After a few weeks, we saw Mrs. Loome again. At her first infusion, Dr. M had warned her about potential side effects due to an overactive immune system – rash, fatigue from hypothyroidism, diarrhea from colitis… the list was overwhelming. But that day, Mrs. Loome simply said, “I’m not feeling anything bad.” By this point, we were starting to see more of her family at her appointments – the quiet oldest daughter, who looked gaunt relative to her large family; the son with a prickly goatee who was never seen without a camo baseball cap; the gregarious youngest daughter who played piano with her mother at church. They all nodded and looked at us expectantly.

“Well, let’s keep with it,” Dr. M said, gently touching Mrs. Loome’s knee.

It was after the third infusion and time for scans. Dr. M and I sat huddled at a computer screen, scrolling through the CT images looking for signs of cancer, dark clusters lurking. When we got to the abdomen, a small, 1cm measurement popped up – where the radiologist had labeled a tumor. Then another, then another. The cancer was spreading. Dr. M sighed and leaned back in his chair. I looked at him, then back at the screen.

Dr. M switched immunotherapies, and after a few months we repeated scans. But it was as if we were infusing saline – the melanoma kept spreading and now had taken root in her brain. He broke the difficult news while Mrs. Loome and her husband were driving back to their hometown.

Dr. M switched her treatment again – this time with a drug that directly targets the c-kit mutation of Mrs. Loome’s tumor. It’s an off-label use, he and the pharmacist explained to me before stepping inside her room, but it may be better than nothing. I nodded, but I couldn’t help but feel that we were beginning to grasp at straws, anything that could stem the cancer’s relentless spread.

The pharmacist came to explain this new drug to Mrs. Loome – it was a pill that could be taken at home, unlike the infusions she has been receiving. “One of the side effects is hair loss,” she said. Mrs. Loome nodded, and then – I saw a single tear fall down her cheek. Her youngest daughter and the pharmacist put a hand on her thigh, gently trying to comfort her. It was at that moment that I realized that Mrs. Loome, far from being aloof during her visits, was trying to stay strong and quell the storm inside. Losing her vibrant black hair was, in a way, an outward sign of her internal chaos.

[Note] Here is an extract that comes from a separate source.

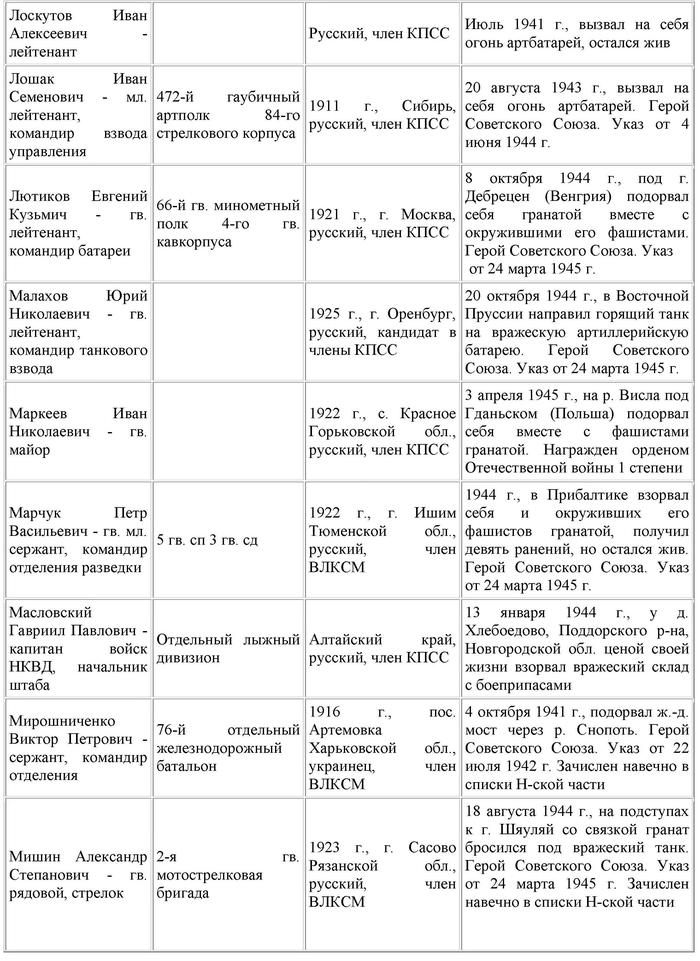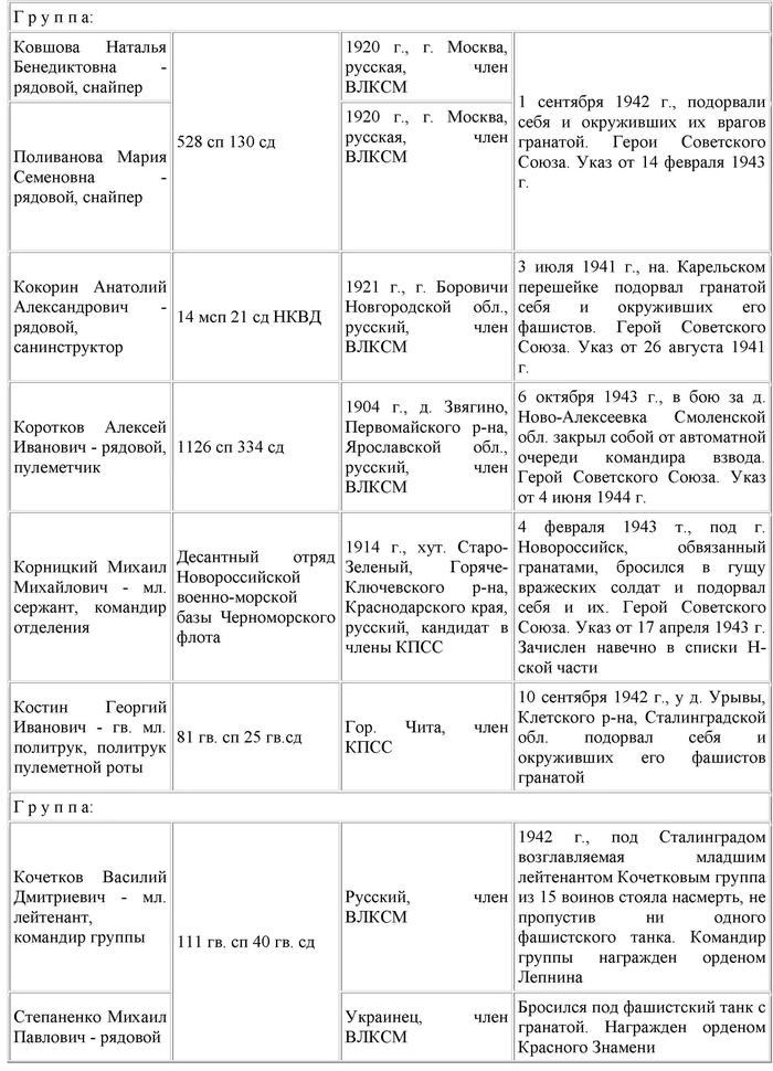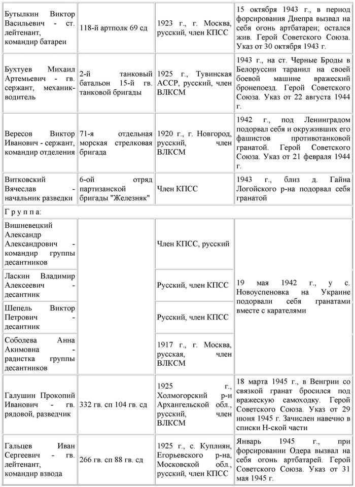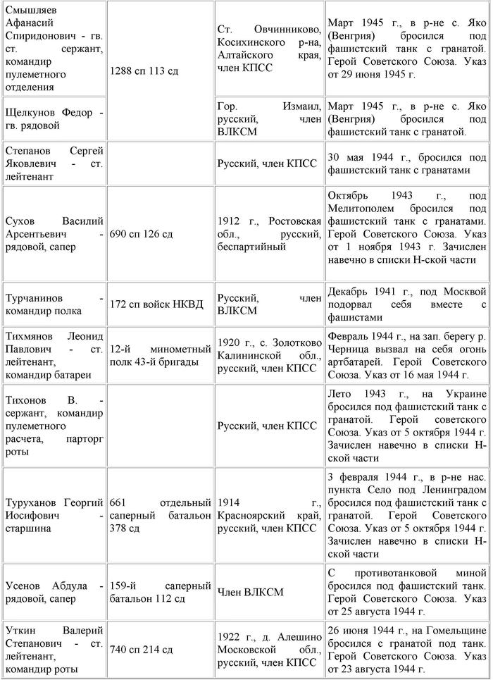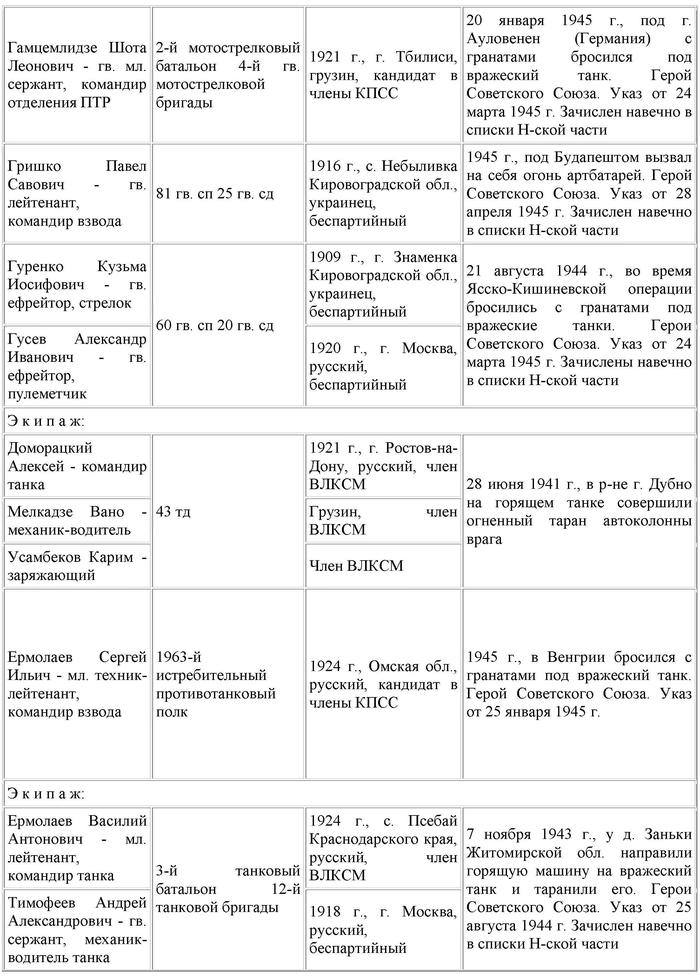 Фамилии воинов, вызвавших огонь на себя, бросившихся под вражеские танки со связками гранат или взорвавших себя вместе с фашистами, даются в алфавитном порядке (группы по фамилиям старших групп). Список составлен на основе материалов, хранящихся в Архиве Министерства обороны СССР и Архиве Министерства внутренних дел СССР. В него не включены имена героев, на которых отсутствуют точные данные.

While the pharmacist went over other side effects, Mr. Loome stepped outside the room with Dr. M. I followed closely, shutting the door behind me. He locked eyes with Dr. M and asked, with a hushed but firm voice, “Realistically, what are our chances that this drug is going to work?”

There was a moment of quiet – the hum of clinic died away and it was just the three of us, standing in the glaring white light. Dr. M looked down at his worn loafers. Finally, he returned Mr. Loome’s gaze. “I have hope for this. We must have hope.”

We stepped back into the room, but I knew, at that moment, that modern medicine had failed Mrs. Loome. Researchers have access to many tools to characterize cancers, but physicians have only just begun to learn what these data mean for patients. Yes, immunotherapies have revolutionized the way doctors treat metastatic melanoma, but nothing is as simple as it seems, especially in medicine. My work in the lab is one small contribution to our pool of knowledge, but my challenge as a future physician is to drink in what I need to alleviate suffering.

It’s been several months since I’ve returned back to lab full-time, but I still think about Mrs. Loome and her lovely family. Unlike Dr. M, I won’t get to see if Mrs. Loome does better; her story is left unfinished for me. Even though my labmates and I are at the cutting edge of immunotherapy research, I’m still humbled by how much we still don’t know about the disease we call cancer. I’m still working towards that day when, instead of simply looking in my patient’s eyes, I will also say, “We have something for you.”